An attribute word set (denoted by \(A\)) is a set of words representing some attitude, characteristic, trait, occupational field, etc. that can be associated with individuals from any social group. For example, the set of science attribute words could contain words such as ‘technology’, ‘physics’, ‘chemistry’, while the art attribute words could have words like ‘poetry’, ‘dance’, ‘literature’.

Query

Queries are the main building blocks used by fairness metrics to measure bias of word embedding models. Formally, a query is a pair \(Q=(\mathcal{T},\mathcal{A})\) in which \(T\) is a set of target word sets, and \(A\) is a set of attribute word sets. For example, consider the target word sets:

\[\begin{split}\begin{eqnarray*} T_{\text{women}} & = & \{{she},{woman},{girl}, \ldots\}, \\ T_{\text{men}} & = & \{{he},{man},{boy}, \ldots\}, \end{eqnarray*}\end{split}\]

and the attribute word sets

\[\begin{split}\begin{eqnarray*} A_{\text{science}} & = & \{{math},{physics},{chemistry}, \ldots\}, \\ A_{\text{art}} & = & \{{poetry},{dance},{literature}, \ldots\}. \end{eqnarray*}\end{split}\]

Then the following is a query in our framework

\[\begin{equation} Q=(\{T_{\text{women}}, T_{\text{men}}\},\{A_{\text{science}},A_{\text{art}}\}). \end{equation}\]

When a set of queries \(\mathcal{Q} = {Q_1, Q_2, \dots, Q_n}\) is intended to measure a single type of bias, we say that the set has a Bias Criterion. Examples of bias criteria are gender, ethnicity, religion, politics, social class, among others.

Warning

To accurately study the biases contained in word embeddings, queries may contain words that could be offensive to certain groups or individuals. The relationships studied between these words DO NOT represent the ideas, thoughts or beliefs of the authors of this library. This warning applies to all documentation.

Query Template

A query template is simply a pair \((t,a)\in\mathbb{N}\times\mathbb{N}\). We say that query \(Q=(\mathcal{T},\mathcal{A})\) satisfies a template \((t,a)\) if \(|\mathcal{T}|=t\) and \(|\mathcal{A}|=a\).

Fairness Measure

A fairness metric is a function that quantifies the degree of association between target and attribute words in a word embedding model.
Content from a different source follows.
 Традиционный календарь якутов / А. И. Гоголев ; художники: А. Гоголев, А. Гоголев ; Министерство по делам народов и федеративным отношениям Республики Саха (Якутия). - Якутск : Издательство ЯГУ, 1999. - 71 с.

In our framework, every fairness metric is defined as a function that has a query and a model as input, and produces a real number as output.
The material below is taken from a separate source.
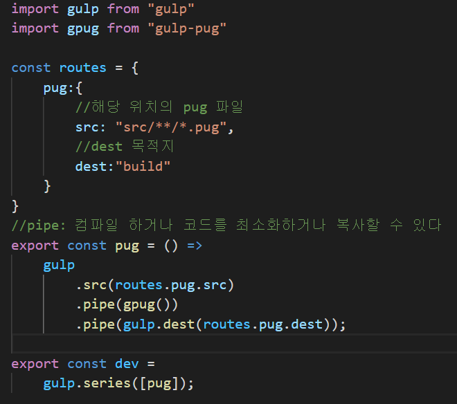 gulp-pug -> pug 템플릿을 컴파일 해준다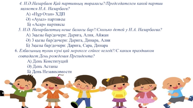 5. Н.Ә. Назарбаевтың неше баласы бар?/Сколько детей у Н.А. Назарбаева?

Several fairness metrics have been proposed in the literature. But not all of them share a common input template for queries. Thus, we assume that every fairness metric comes with a template that essentially defines the shape of the input queries supported by the metric.

Formally, let \(F\) be a fairness metric with template \(s_F=(t_F,a_F)\). Given an embedding model \(\mathbf{M}\) and a query \(Q\) that satisfies \(s_F\), the metric produces the value \(F(\mathbf{M},Q)\in \mathbb{R}\) that quantifies the degree of bias of \(\mathbf{M}\) with respect to query \(Q\).
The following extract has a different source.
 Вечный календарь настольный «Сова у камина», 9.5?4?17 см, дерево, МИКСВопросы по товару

Standard usage pattern of WEFE

The following flow chart shows how to perform a bias measurement using a gender query, word2vec embeddings and the WEAT metric.

To see the implementation of this query using WEFE, refer to the Quick start section.

Metrics Implemented So Far

WEFE implements the following bias measurement metrics:

Word Embedding Association Test (WEAT)
Relative Norm Distance (RND)
Relative Negative Sentiment Bias (RNSB)
Mean Average Cosine Similarity (MAC)
Embedding Coherence Test (ECT)
Relational Inner Product Association (RIPA)